Each layer can then apply these 2 to either weights (kernel) and/or biases.

Let’s write the input layer:

`input_layer = tf.feature_column.input_layer(features, feature_columns)`

And now our first fully connected hidden layer. It takes the input_layer as input, has 100 hidden units with initialization of the weights, L2 regularization and ReLU for activation:

    h1 = tf.layers.Dense(100, activation=tf.nn.relu, 
                            kernel_regularizer=regularizer,
                            kernel_initializer=initializer
                            )(input_layer)

Let’s have a second hidden layer with 80 units:

    h2 = tf.layers.Dense(80, activation=tf.nn.relu, 
                            kernel_regularizer=regularizer,
                            kernel_initializer= initializer
                            )(h1)

And finally our last layer which is another fully connected layer (Dense) outputs the logits. Since we want to classify 2 classes, our output layer has 2 units.:

logits = tf.layers.Dense(2)(h2)

These logits are basically the output of the linearity before activation. We can then calculate our loss on them or just output the prediction.

Let’s now write how each mode should be handled.

The easiest is the prediction. We look at our logits and take the one with highest probability:

    # compute predictions
    predicted_classes =tf.argmax(input=logits, axis=1)
    if mode == tf.estimator.ModeKeys.PREDICT:
        predictions = {
            'class_ids': predicted_classes[:, tf.newaxis],
            'probabilities': tf.nn.softmax(logits),
            'logits': logits,
        }
        return tf.estimator.EstimatorSpec(mode, predictions=predictions)

We return an EstimatorSpec which defines our prediction model in the estimator.

For our training, we need to have a loss function. We use in this model the sparse_softmax_cross_entropy function for our output loss calculation:

loss = tf.losses.sparse_softmax_cross_entropy(labels=labels, logits=logits)

For both train and eval, we want to record a few metrics so we can later review them in Tensorboard. Let’s have a look at accuracy, precision and recall: we first create the corresponding operation from tf.metrics and put them in a dictionary:

    accuracy = tf.metrics.accuracy(labels=labels, predictions=predicted_classes, name='acc_op')
    precision = tf.metrics.auc(labels, predictions=predicted_classes, name='precision_op')
    recall = tf.metrics.recall(labels, predictions=predicted_classes, name='recall_op')
    auc = tf.metrics.auc(labels, predictions=predicted_classes, name='auc_op')
    metrics = {'accuracy': accuracy, 'precision': precision, 'recall': recall, 'auc': auc}

Then we add them to tf.summary in order to log them for Tensorboard:

    tf.summary.scalar('my_accuracy', accuracy[1])
    tf.summary.scalar('my_precision', precision[1])
    tf.summary.scalar('my_recall', recall[1])
    tf.summary.scalar('my_auc', auc[1])

We have everything we need for evaluation so let’s handle this case now:

    if mode == tf.estimator.ModeKeys.EVAL:
        return tf.estimator.EstimatorSpec(
            mode, loss=loss, eval_metric_ops=metrics)
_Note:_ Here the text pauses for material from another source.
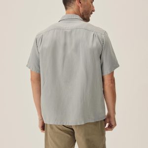Classic fit short sleeve camp shirt cut from a 5.25 oz. yarn-dyed linen blend with a subtle luster and relaxed drape. Features a six-button placket with mother of pearl buttons, twin patch-and-flap chest pockets, straight hem, and a loop and button closure at the neck. Constructed with clean finished seams. Garment washed with enzymes for a lived-in feel.

We return again an EstimatorSpec as for the prediction mode.

Now if we want to handle the training case we still need a few more elements in our computation graph. We need to create an optimizer and the training operation, where the goal of the optimizer is to minimize the loss. In this model we use an Adam Optimizer:

    # training op
    assert mode == tf.estimator.ModeKeys.TRAIN, "TRAIN is only ModeKey left"
    optimizer = tf.train.AdagradOptimizer(learning_rate=0.05)
    train_op = optimizer.minimize(loss, global_step=tf.train.get_global_step())
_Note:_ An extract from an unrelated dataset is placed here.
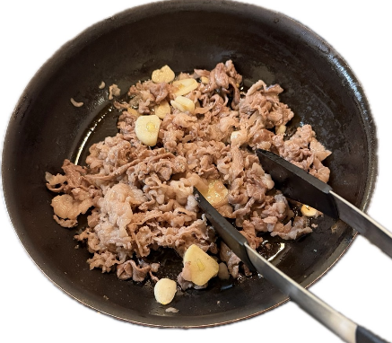 8.フライパンに和牛を投入引き続き弱火で赤身が無くなる程度炒めます。

I also like to see how my parameters are changing through iterations in Tensorboard. We can add a summary for every weight, bias and gradient the following way:

    # add gradients, weights and biases to tensorboard 
    grads = optimizer.compute_gradients(loss)
    for grad, var in grads:
        if grad is not None:
            tf.summary.histogram(var.op.name + '/gradients', grad)
    for var in tf.trainable_variables():
        tf.summary.histogram(var.name, var)

Finally we return the EstimatorSpec for our training mode:

return tf.estimator.EstimatorSpec(mode, loss=loss, train_op=train_op)

6) Classifier, Training, Evaluation, Prediction:

Now that we have all the bricks to build our estimator, let’s put the final touch and use it.

a. Creating the estimator:

You can think of an estimator as a playground where we throw our examples, model, and/or requests, and that run the desired operations (train/eval/predict). We need to pass it the model function name and a path to which it should store the training checkpoints and the Tensorboard logs.

classifier = tf.estimator.Estimator(
    model_fn=my_model_fn,
    model_dir=PATH)  

If you wish to make changes to your model, make sure you change the path or remove the checkpoints from the folder, otherwise it will crash. If you don’t change your model but run your training multiple times, it will not start from scratch if you have not deleted the checkpoints. Instead it will start from where it stopped at the previous training. Loading the last learnt weights and biases.

b. Training:

Here we feed our estimator with the train input function and the features and labels created at the beginning. We set the batch size and the amount of iterations we want. If you use an arg parser you should input your argument values here.

classifier.train(input_fn=lambda: train_input_fn(train_x, train_y, BATCH_SIZE, repeat_count))

c. Evaluation:

Once we have trained, let’s look how good we do on the test set by evaluating it. This time we pass the evaluation input function with test features and labels, and the batch size. We do not pass the repeat_count since we will iterate only once over our test set:

evaluate_result = classifier.evaluate(input_fn=lambda: eval_input_fn(test_x, test_y, BATCH_SIZE))

Let’s print our results:

print ("Evaluation results")

for key in evaluate_result:
   print("   {}, was: {}".format(key, evaluate_result[key]))

d. Prediction:

Finally, let’s use our model on unlabelled data and see how our predictions look like.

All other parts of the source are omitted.